PORT ANGELES — Proposed 2015 wage increases for the city’s employees will be modeled after a 2 percent wage hike unanimously approved Tuesday by the City Council for 21 fire department personnel who are members of the International Association of Firefighters Local 656.
The 2 percent cost-of-living increase, contained in the firefighters’ new one-year contract, is already included in the city’s proposed 2015 budget for the firefighters at a cost of $38,688, Abbi Fountain, city human resources manager, said Wednesday.
Fountain said the hike also is in the spending plan for employees in five other unions who have yet to negotiate new contracts and for management and non-represented personnel.
“This is all subject to negotiations,” she said of the remaining increases.
If the contracts are approved, the city’s approximately 230 regular full- and part-time employees, including management and non-represented personnel, would receive the wage hike at a cost of $230,000 to the city.
Remaining talks
The unions the city has yet to negotiate with are two locals affiliated with the Teamsters Union and locals with the American Federation of State, County and Municipal Employees, the International Brotherhood of Electrical Workers and a supervisory unit newly affiliated with the International Union of Operating Engineers.

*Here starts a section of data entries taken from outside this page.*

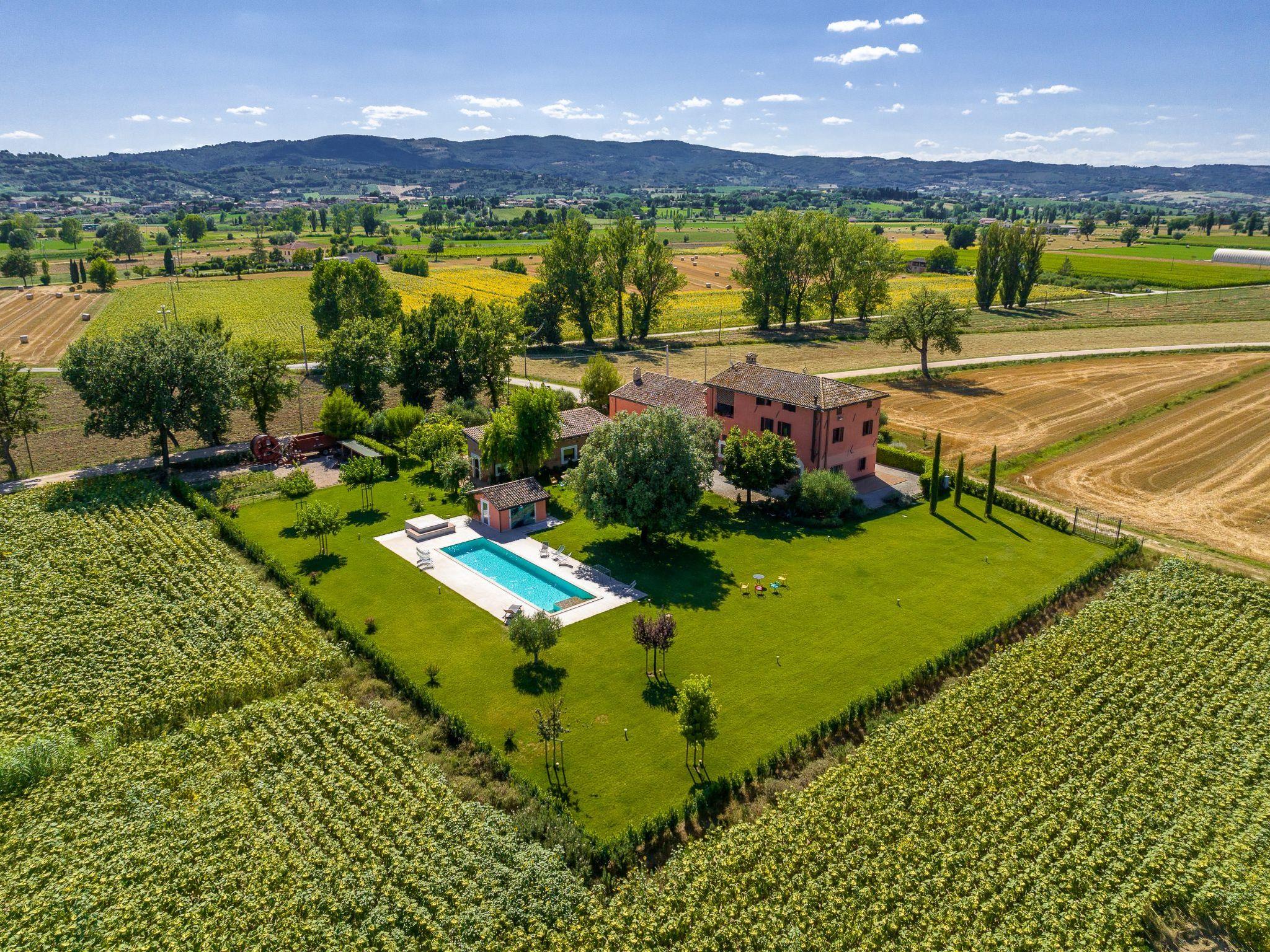 The Casale is located on a 30-hectare farm, surrounded by extensive cultivated fields and enjoys an exceptional view of Assisi and Mount Subasio.
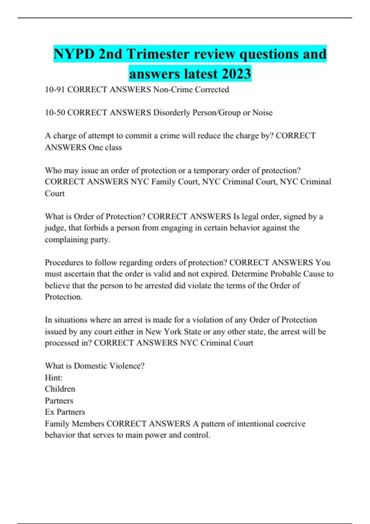 NYPD 2nd Trimester review questions and answers latest 2023
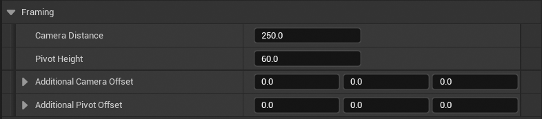 - Pivot Height - сontrols the vertical position of the pivot relative to the actor origin. This defines the center of rotation for the camera
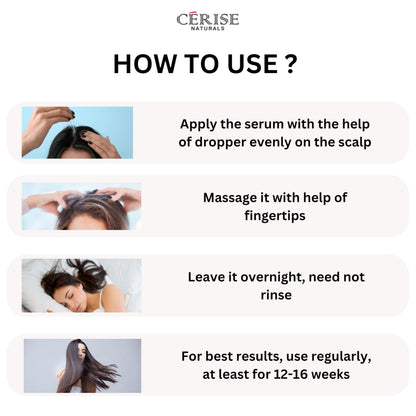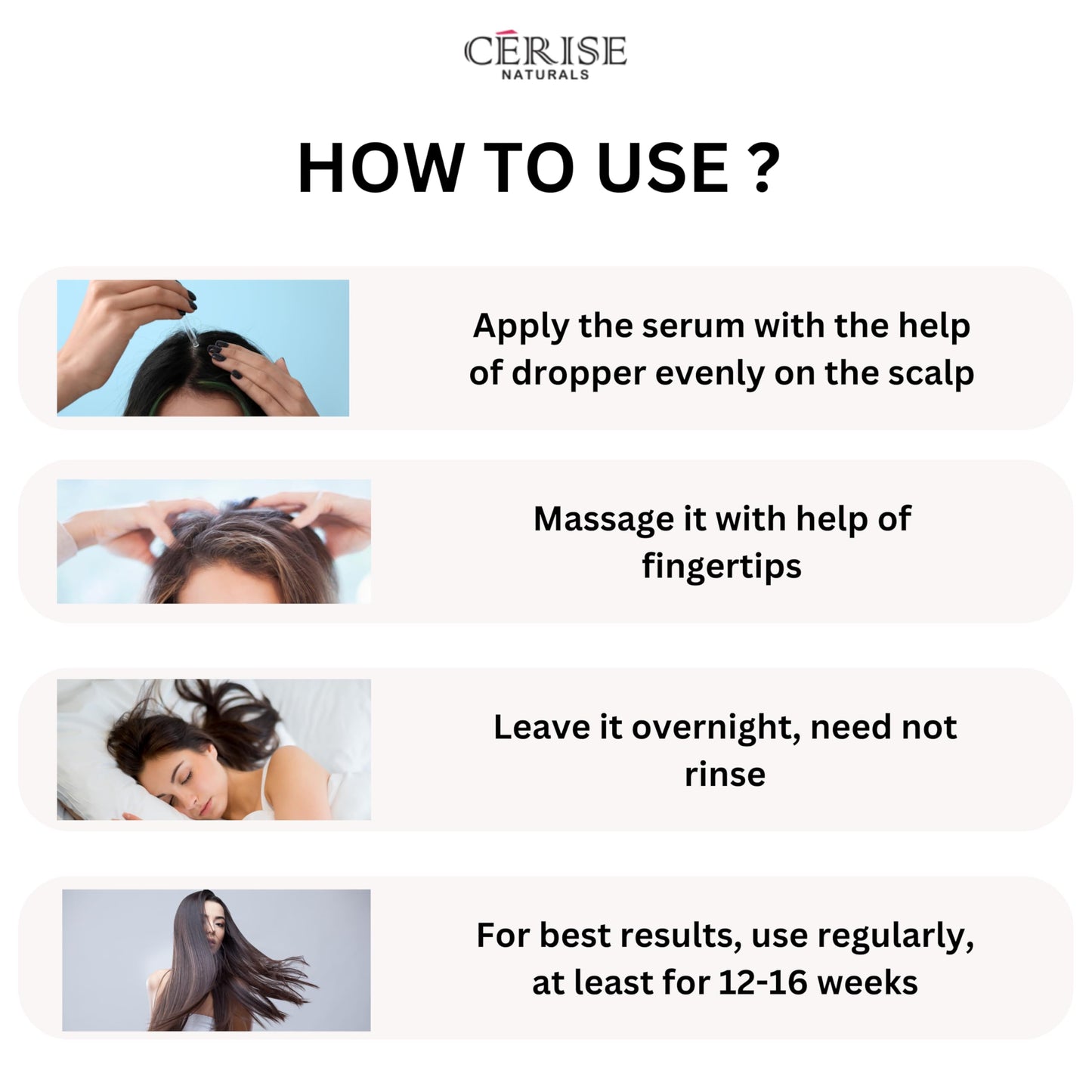 - HOW TO USE? : We recommend applying every night with the help of dropper. Apply on clean hair & scalp followed by a gentle massage for 2-3 minutes. Leave overnight for the serum to work while you are sleeping.
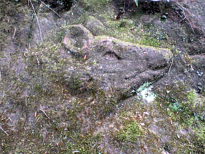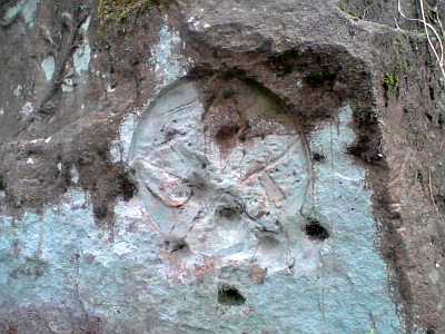 Mehrere Reliefs wurden im Eurener Wald im Laufe des 2. Weltkrieges von französischen Kriegsgefangenen (freiwillig?) angebracht. Als Einziges blieb das dargestellte Relief mit Schwein und Hirsch erhalten. Die anderen Reliefs sind von der Natur überdeckt bzw. nicht mehr auffindbar. Das sichtbare zerstörte Wappen soll damals ein Hakenkreuz dargestellt haben und wurde später abegeschlagen.
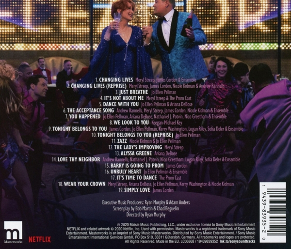 01. Streep, Meryl / Corden, James / The Prom Ensemble "Changing Lives" 02. Streep, Meryl / Corden, James / Kidman, Nicole / Rannells, Andrew "Changing Lives - Reprise" 03. Pellman, Jo Ellen "Just Breathe" 04. Streep, Meryl / Corden, James / Kidman, Nicole / Rannells, Andrew / Chamberlin, Kevin / Key, Keegan-Michael / Pellman, J "It's Not About Me" 05. Pellman, Jo Ellen / DeBose, Ariana "Dance with You" 06. Rannells, Andrew / Streep, Meryl / Corden, James / Kidman, Nicole / The Prom Ensemble "The Acceptance Song" 07. Pellman, Jo Ellen / DeBose, Ariana / Potvin, Nathaniel J. / Greetham, Nico / The Prom Ensemble "You Happened" 08. Key, Keegan-Michael "We Look to You" 09. Cast of Netflix's Film The Prom, The / Pellman, Jo Ellen / Corden, James / Washington, Kerry / Riley, Logan / Deler, Sof "Tonight Belongs to You" 10. Pellman, Jo Ellen "Tonight Belongs to You - Reprise" 11. Kidman, Nicole / Pellman, Jo Ellen "Zazz" 12. Streep, Meryl "The Lady's Improving" 13. DeBose, Ariana "Alyssa Greene" 14. Rannells, Andrew / Potvin, Nathaniel J. / Greetham, Nico / Riley, Logan / Deler, Sofia / The Prom Ensemble "Love Thy Neighbor" 15. Corden, James "Barry is Going to Prom" 16. Pellman, Jo Ellen / The Prom Ensemble "Unruly Heart" 17. Pellman, Jo Ellen / DeBose, Ariana / Streep, Meryl / Corden, James / Rannells, Andrew / Kidman, Nicole / Chamberlin, Kev "It's Time to Dance" 18. Streep, Meryl / DeBose, Ariana / Pellman, Jo Ellen / Washington, Kerry / Kidman, Nicole "Wear Your Crown" 19. Corden, James "Simply Love"
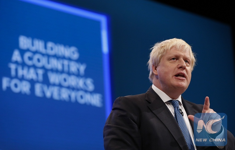 The file photo shows then British Foreign Secretary Boris Johnson delivers his keynote speech at the Conservative Party's annual conference in Manchester, Britain, on Oct. 3, 2017. (Xinhua/Han Yan)

The contract approved by council members Tuesday extends other provisions of the existing agreement for one year and was proposed in July by Local 656.
Fire Chief Ken Dubuc said Wednesday that call-outs have increased significantly over last year’s record.
He said emergency personnel responded to 3,350 calls as of Oct. 21, about 400 ahead of last year.
“There were 16 calls [Tuesday] alone,” Dubuc said.
The department’s 15 to 26 volunteers, who receive minimum wage to $15 an hour and are compensated for a minimum of two hours per call, are not affected by the new contract, Dubuc said.
The 2 percent increase is 90 percent of what the federal Bureau of Labor Statistics calls the Consumer Price Index for Urban Wage Earners and Clerical Workers.
‘Proactive’
“The firefighter union was very proactive with their proposal, and it has set the stage for what is hoped to be a very successful round of settlements,” Fountain said in her memo to the City Council on the contract.
Councilman Brad Collins noted that the firefighters’ union was one of the last bargaining units to agree to a contract in 2014.
“I think it’s great that they moved forward like this,” he said.
“I believe it will help us with the other bargaining units.”
Councilwoman Cherie Kidd called the pact “a very fair contract, and I’m happy to support it.”